▸ **Task instructions**
Reproduce the records below exactly, but only between the lines holding "Doug reached out" and "本キャンペーンは、Remot", inclusive.

Records from a data collection:
Content starts

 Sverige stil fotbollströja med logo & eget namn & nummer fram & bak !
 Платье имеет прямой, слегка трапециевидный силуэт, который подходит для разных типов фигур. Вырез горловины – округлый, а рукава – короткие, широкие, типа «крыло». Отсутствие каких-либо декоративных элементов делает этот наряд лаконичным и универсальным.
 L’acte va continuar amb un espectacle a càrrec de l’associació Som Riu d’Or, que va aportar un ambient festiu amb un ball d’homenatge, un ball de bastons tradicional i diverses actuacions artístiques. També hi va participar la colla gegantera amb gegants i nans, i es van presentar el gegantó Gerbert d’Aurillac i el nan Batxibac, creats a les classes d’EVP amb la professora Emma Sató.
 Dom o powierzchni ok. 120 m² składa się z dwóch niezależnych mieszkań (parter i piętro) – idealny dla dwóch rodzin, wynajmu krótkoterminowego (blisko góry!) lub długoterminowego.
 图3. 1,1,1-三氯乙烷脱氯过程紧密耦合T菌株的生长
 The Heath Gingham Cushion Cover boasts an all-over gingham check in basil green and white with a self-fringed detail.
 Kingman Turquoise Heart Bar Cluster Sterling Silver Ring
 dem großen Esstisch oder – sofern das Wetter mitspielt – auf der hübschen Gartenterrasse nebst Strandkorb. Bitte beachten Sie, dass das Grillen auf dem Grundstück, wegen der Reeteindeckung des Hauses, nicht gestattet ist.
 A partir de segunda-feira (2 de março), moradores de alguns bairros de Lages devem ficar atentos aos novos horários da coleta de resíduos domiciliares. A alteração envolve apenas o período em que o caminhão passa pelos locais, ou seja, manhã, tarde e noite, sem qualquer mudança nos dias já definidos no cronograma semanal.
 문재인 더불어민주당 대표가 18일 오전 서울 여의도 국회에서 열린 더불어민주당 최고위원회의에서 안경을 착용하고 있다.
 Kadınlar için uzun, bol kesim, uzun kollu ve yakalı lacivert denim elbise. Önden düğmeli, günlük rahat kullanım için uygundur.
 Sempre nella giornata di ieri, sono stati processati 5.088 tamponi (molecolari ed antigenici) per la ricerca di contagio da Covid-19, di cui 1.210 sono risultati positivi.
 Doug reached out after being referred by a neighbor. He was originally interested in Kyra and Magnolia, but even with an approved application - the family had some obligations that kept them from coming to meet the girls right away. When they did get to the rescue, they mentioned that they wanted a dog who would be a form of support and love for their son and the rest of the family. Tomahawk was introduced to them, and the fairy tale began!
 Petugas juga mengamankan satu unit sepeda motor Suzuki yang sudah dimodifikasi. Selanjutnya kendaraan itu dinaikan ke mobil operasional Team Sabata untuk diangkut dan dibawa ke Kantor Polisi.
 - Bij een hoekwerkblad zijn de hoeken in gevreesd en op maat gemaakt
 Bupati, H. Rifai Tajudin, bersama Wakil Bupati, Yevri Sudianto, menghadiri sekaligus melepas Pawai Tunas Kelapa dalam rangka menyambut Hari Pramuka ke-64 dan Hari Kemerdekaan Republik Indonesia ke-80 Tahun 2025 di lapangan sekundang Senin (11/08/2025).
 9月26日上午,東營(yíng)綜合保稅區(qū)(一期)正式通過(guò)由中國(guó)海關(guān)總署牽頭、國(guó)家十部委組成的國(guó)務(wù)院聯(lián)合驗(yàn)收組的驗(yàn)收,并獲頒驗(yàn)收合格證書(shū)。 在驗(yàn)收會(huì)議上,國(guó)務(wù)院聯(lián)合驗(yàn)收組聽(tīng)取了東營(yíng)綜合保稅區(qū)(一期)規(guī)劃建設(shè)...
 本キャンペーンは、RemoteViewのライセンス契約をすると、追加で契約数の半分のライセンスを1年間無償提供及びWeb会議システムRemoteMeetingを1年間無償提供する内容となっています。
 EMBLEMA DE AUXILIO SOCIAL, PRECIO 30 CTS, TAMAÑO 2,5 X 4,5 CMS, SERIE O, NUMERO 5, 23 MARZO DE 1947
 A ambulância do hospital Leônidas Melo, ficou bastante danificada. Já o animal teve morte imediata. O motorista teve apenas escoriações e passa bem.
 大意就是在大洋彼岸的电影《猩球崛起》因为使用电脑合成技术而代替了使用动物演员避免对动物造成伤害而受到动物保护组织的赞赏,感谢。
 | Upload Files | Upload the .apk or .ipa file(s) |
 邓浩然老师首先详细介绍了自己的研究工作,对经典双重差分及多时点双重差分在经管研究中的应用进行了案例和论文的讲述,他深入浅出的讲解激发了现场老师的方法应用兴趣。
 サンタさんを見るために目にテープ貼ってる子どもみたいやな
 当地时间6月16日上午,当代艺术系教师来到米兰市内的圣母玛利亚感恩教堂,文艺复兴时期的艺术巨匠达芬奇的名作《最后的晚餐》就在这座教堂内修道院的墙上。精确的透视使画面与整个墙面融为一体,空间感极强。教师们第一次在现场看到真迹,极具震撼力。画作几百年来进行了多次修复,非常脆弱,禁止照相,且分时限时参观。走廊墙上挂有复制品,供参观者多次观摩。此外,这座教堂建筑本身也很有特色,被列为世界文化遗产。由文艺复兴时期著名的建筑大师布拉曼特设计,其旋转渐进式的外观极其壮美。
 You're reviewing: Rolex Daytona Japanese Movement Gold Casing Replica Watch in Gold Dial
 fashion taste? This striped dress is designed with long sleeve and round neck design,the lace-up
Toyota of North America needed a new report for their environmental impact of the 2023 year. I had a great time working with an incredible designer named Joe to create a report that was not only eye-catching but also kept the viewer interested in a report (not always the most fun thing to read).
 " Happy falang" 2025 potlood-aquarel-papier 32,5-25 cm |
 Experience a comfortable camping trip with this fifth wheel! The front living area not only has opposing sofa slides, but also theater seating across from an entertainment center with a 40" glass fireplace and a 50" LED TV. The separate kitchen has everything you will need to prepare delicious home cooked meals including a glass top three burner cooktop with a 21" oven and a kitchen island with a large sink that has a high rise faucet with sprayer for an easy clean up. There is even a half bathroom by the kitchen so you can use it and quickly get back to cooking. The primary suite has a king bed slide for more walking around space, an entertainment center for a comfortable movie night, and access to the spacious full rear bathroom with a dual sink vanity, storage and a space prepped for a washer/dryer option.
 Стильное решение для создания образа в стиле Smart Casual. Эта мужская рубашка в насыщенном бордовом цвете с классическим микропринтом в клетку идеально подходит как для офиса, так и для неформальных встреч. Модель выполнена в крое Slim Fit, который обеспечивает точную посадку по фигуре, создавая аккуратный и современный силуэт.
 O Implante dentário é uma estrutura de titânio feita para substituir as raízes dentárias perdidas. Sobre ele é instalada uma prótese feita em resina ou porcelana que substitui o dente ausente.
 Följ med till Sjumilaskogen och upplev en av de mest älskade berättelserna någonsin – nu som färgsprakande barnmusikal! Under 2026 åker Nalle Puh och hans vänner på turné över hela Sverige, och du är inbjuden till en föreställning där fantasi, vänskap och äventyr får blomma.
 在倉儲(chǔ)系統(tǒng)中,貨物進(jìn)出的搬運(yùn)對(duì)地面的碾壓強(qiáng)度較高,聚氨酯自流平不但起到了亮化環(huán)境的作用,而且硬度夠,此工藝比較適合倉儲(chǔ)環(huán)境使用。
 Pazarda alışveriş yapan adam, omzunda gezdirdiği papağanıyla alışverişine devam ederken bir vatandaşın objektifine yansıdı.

Content ends

▸ **Result of the exercise**
 Doug reached out after being referred by a neighbor. He was originally interested in Kyra and Magnolia, but even with an approved application - the family had some obligations that kept them from coming to meet the girls right away. When they did get to the rescue, they mentioned that they wanted a dog who would be a form of support and love for their son and the rest of the family. Tomahawk was introduced to them, and the fairy tale began!
 Petugas juga mengamankan satu unit sepeda motor Suzuki yang sudah dimodifikasi. Selanjutnya kendaraan itu dinaikan ke mobil operasional Team Sabata untuk diangkut dan dibawa ke Kantor Polisi.
 - Bij een hoekwerkblad zijn de hoeken in gevreesd en op maat gemaakt
 Bupati, H. Rifai Tajudin, bersama Wakil Bupati, Yevri Sudianto, menghadiri sekaligus melepas Pawai Tunas Kelapa dalam rangka menyambut Hari Pramuka ke-64 dan Hari Kemerdekaan Republik Indonesia ke-80 Tahun 2025 di lapangan sekundang Senin (11/08/2025).
 9月26日上午,東營(yíng)綜合保稅區(qū)(一期)正式通過(guò)由中國(guó)海關(guān)總署牽頭、國(guó)家十部委組成的國(guó)務(wù)院聯(lián)合驗(yàn)收組的驗(yàn)收,并獲頒驗(yàn)收合格證書(shū)。 在驗(yàn)收會(huì)議上,國(guó)務(wù)院聯(lián)合驗(yàn)收組聽(tīng)取了東營(yíng)綜合保稅區(qū)(一期)規(guī)劃建設(shè)...
 本キャンペーンは、RemoteViewのライセンス契約をすると、追加で契約数の半分のライセンスを1年間無償提供及びWeb会議システムRemoteMeetingを1年間無償提供する内容となっています。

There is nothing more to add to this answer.